EXERCISE
In the records below, repeat word for word only the lines starting at the one that contains "La Ville de" and ending at the one that contains "2025日系拼接短袖衬衫男士百搭休闲时尚休闲宽松上衣男装", pictures excluded.

(Dataset items)
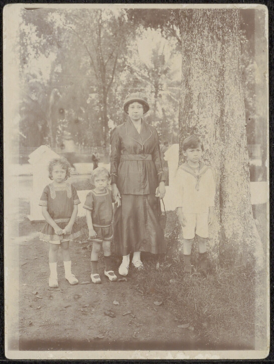 Portret van een moeder met haar kinderen bij een boom
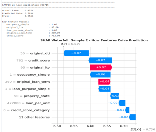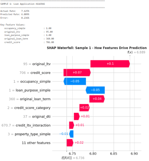 - At the individual loan level, each prediction is decomposed into a base rate (6.736% in this dataset) plus a series of feature contributions that sum to the final quoted rate.
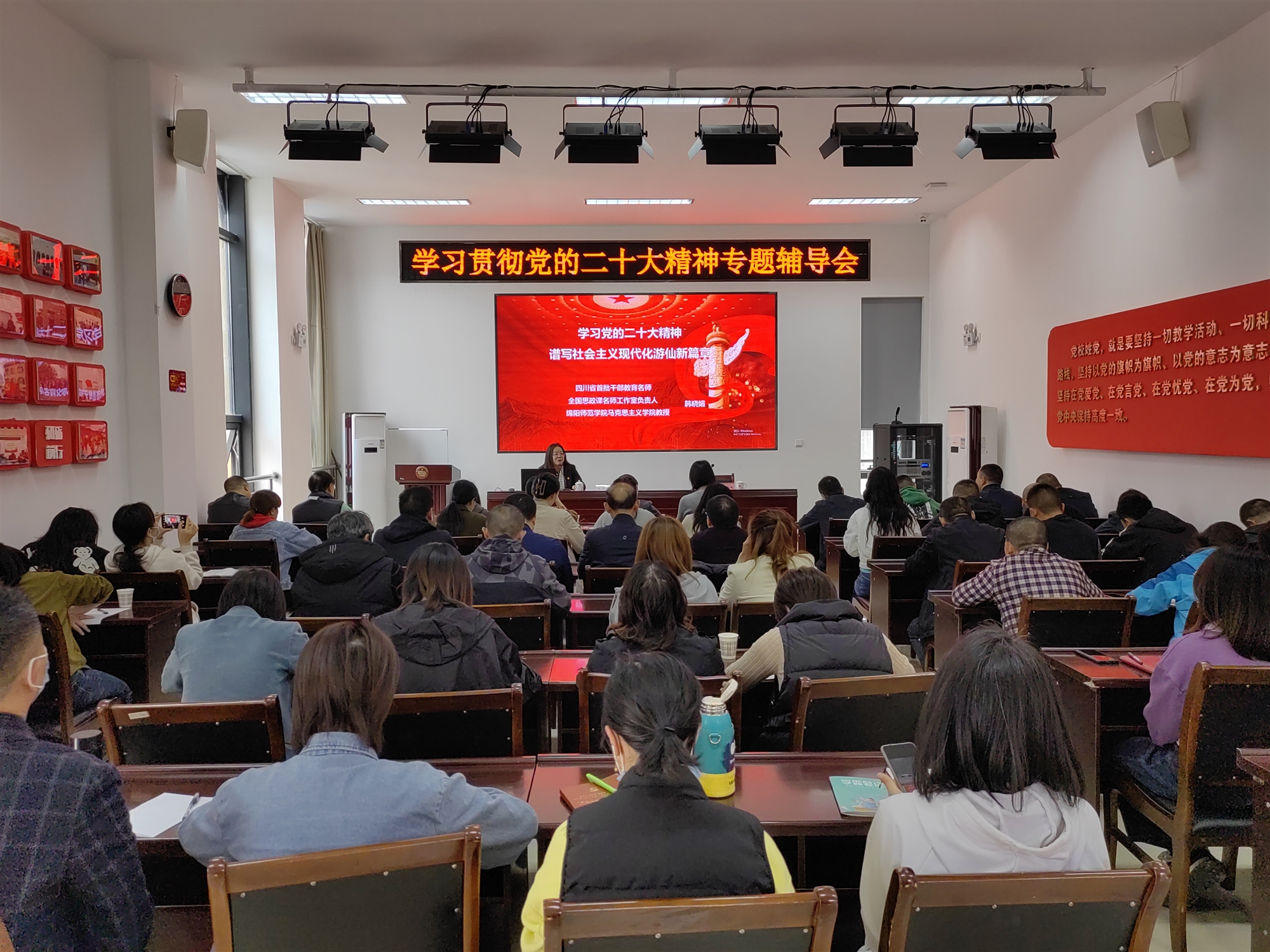 活動邀請了全國思政課名師工作室負(fù)責(zé)人、四川省委宣講團(tuán)成員、綿陽師范學(xué)院馬克思主義學(xué)院副院長韓曉娟專題宣講黨的二十大精神。韓教授從“盡識廬山真面目:思黨的二十大精神之厚重”“不畏浮云遮望眼:思黨的二十大精神之內(nèi)涵”“咬定青山不放松:思黨的二十大精神之貫徹”等三個方面,點面結(jié)合、深入淺出、巧入簡出,為黨員干部系統(tǒng)解讀了黨的二十大精神,具有很強(qiáng)的理論性、指導(dǎo)性和針對性,為深入學(xué)習(xí)貫徹黨的二十大精神提供了科學(xué)引領(lǐng)。
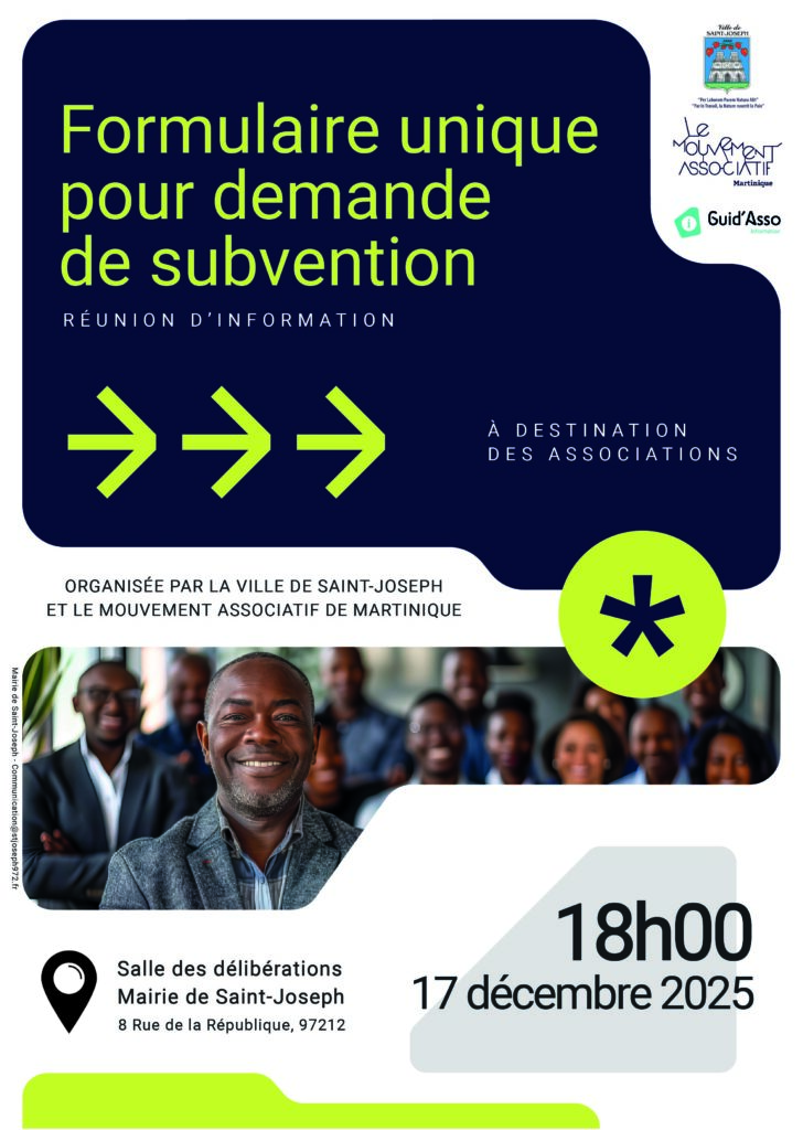 La Ville de Saint-Joseph, en partenariat avec Le Mouvement Associatif de Martinique, organise une réunion d’information destinée aux associations afin de présenter le formulaire unique pour demande de subvention.
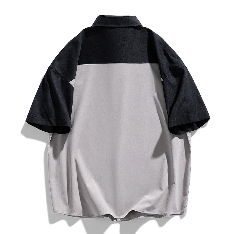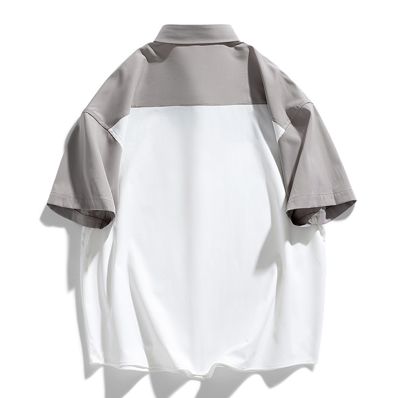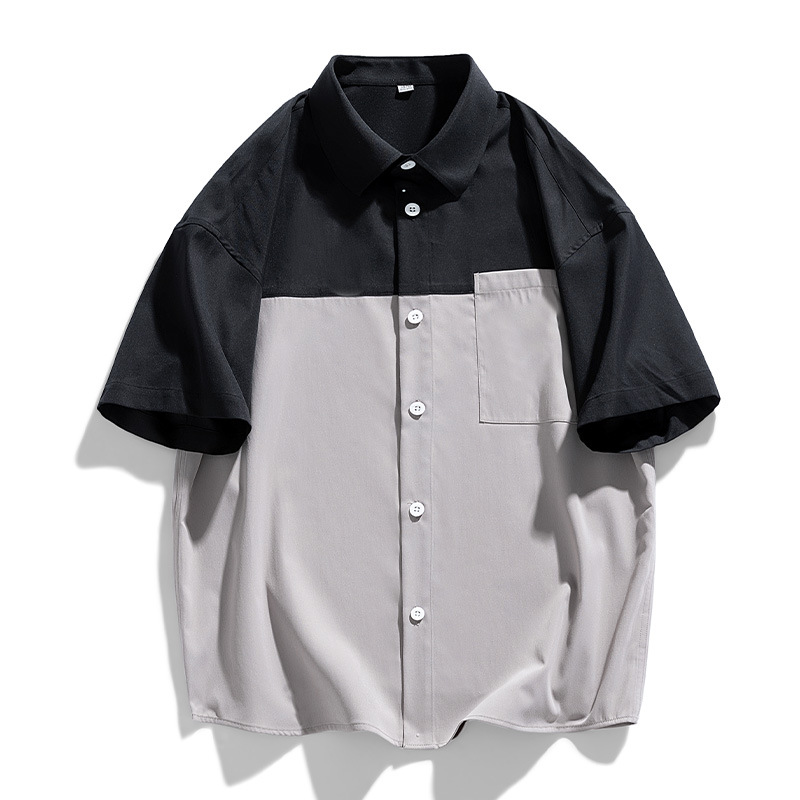 2025日系拼接短袖衬衫男士百搭休闲时尚休闲宽松上衣男装
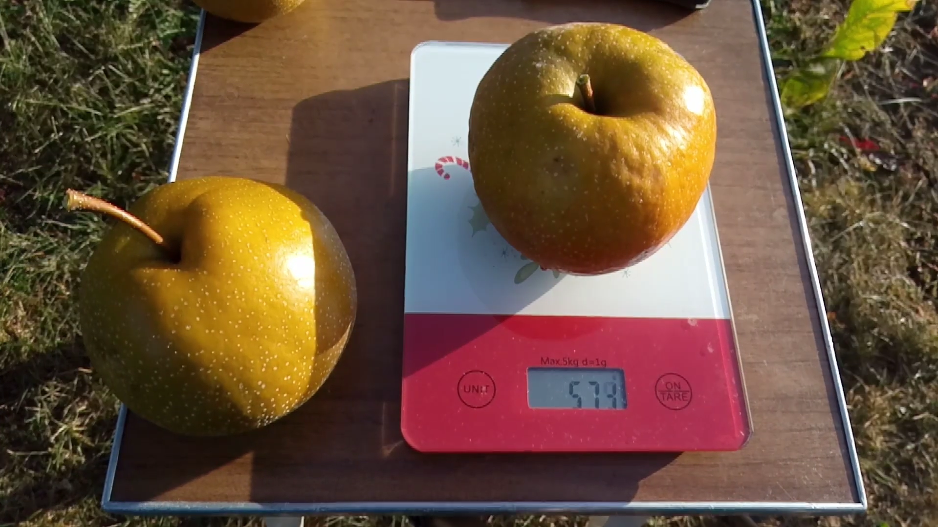 Мевасининг катталиги 10 см гача, оғирлиги 450 г гача. Эти оқиш-қаймоқ рангда, жуда зич ва қарсилдоқ, ёқимли ширин таъмга эга бўлиб, унда гул, цитрус ва карамель таъмлари сезилиб туради. Сентябрь ойининг охири - октябрь ойининг бошларида пишиб етилади ва музлатгичда 3-4 ойгача аъло даражада сақланади, бунда текстура ва хушбўйлиги янада тўйинган бўлади.
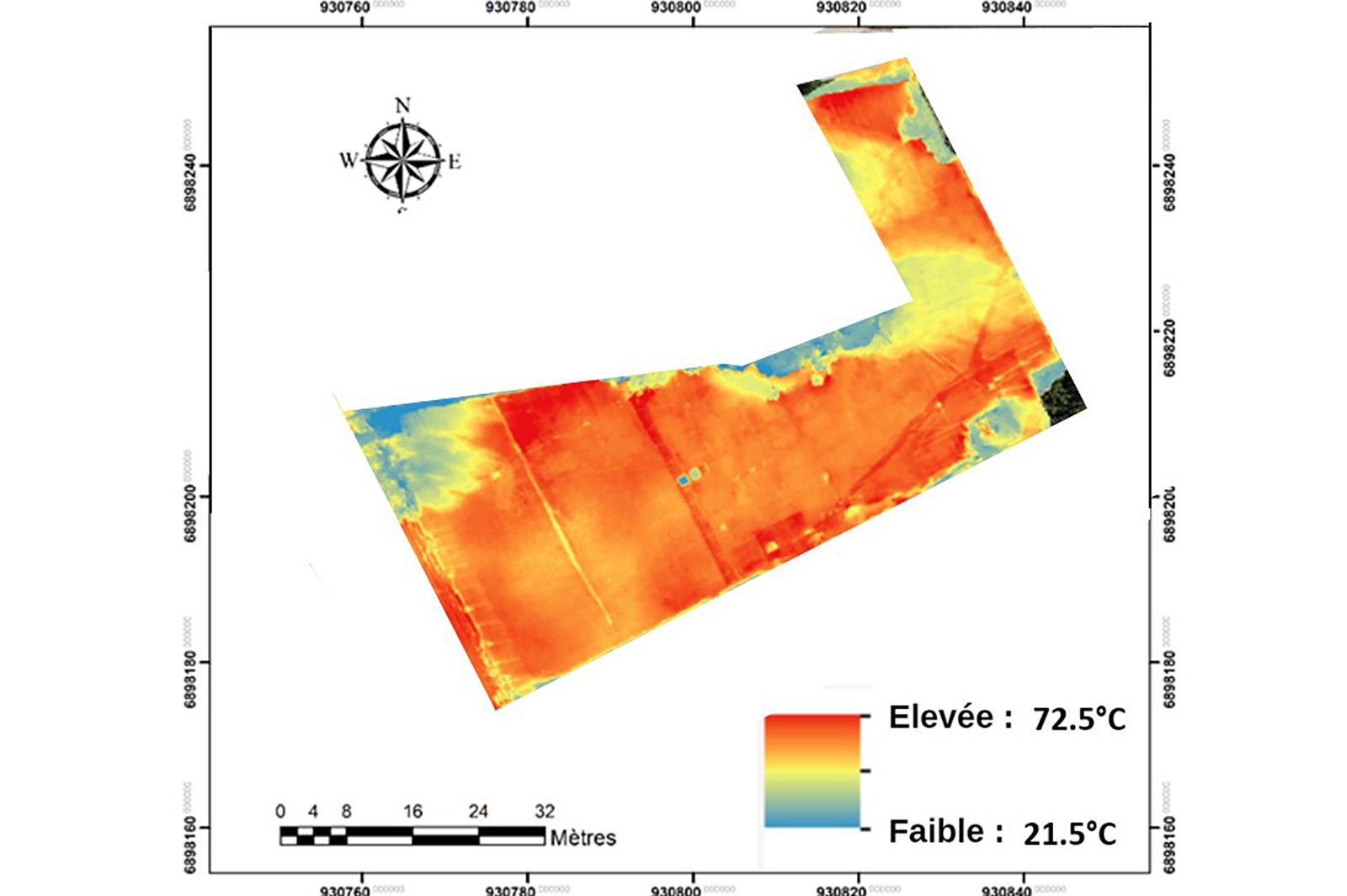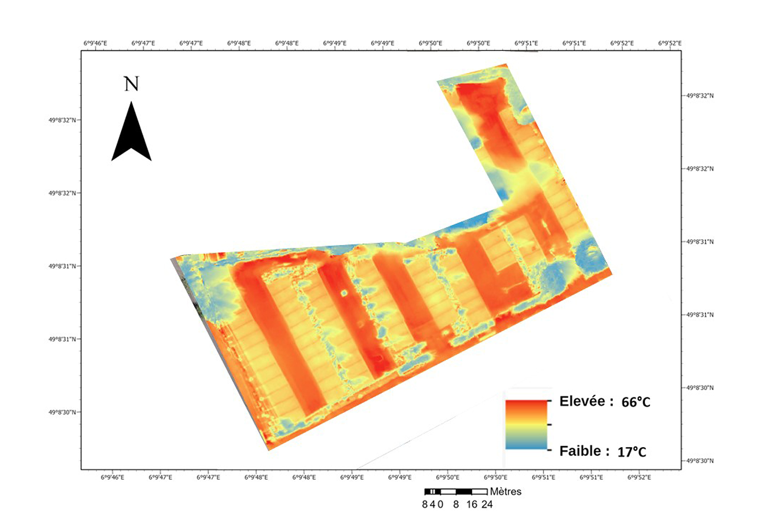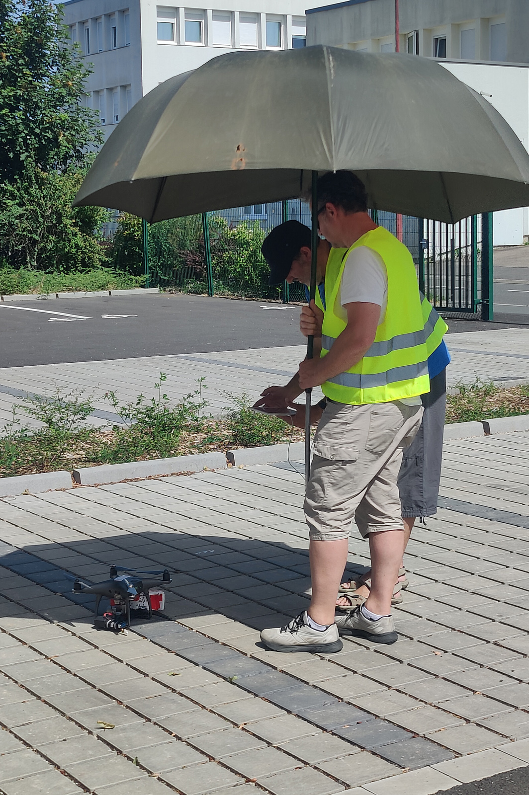 La campagne avait pour objectif de cartographier après travaux, les zones de surchauffe à l’aide d’une cartographie thermique infrarouge par drone en utilisant le même protocole que celui déployé le 23 juillet 2021 avant travaux (voir l’état initial du parking avant travaux ci-dessous).

ANSWER FOR THE TASK
 La Ville de Saint-Joseph, en partenariat avec Le Mouvement Associatif de Martinique, organise une réunion d’information destinée aux associations afin de présenter le formulaire unique pour demande de subvention.
 2025日系拼接短袖衬衫男士百搭休闲时尚休闲宽松上衣男装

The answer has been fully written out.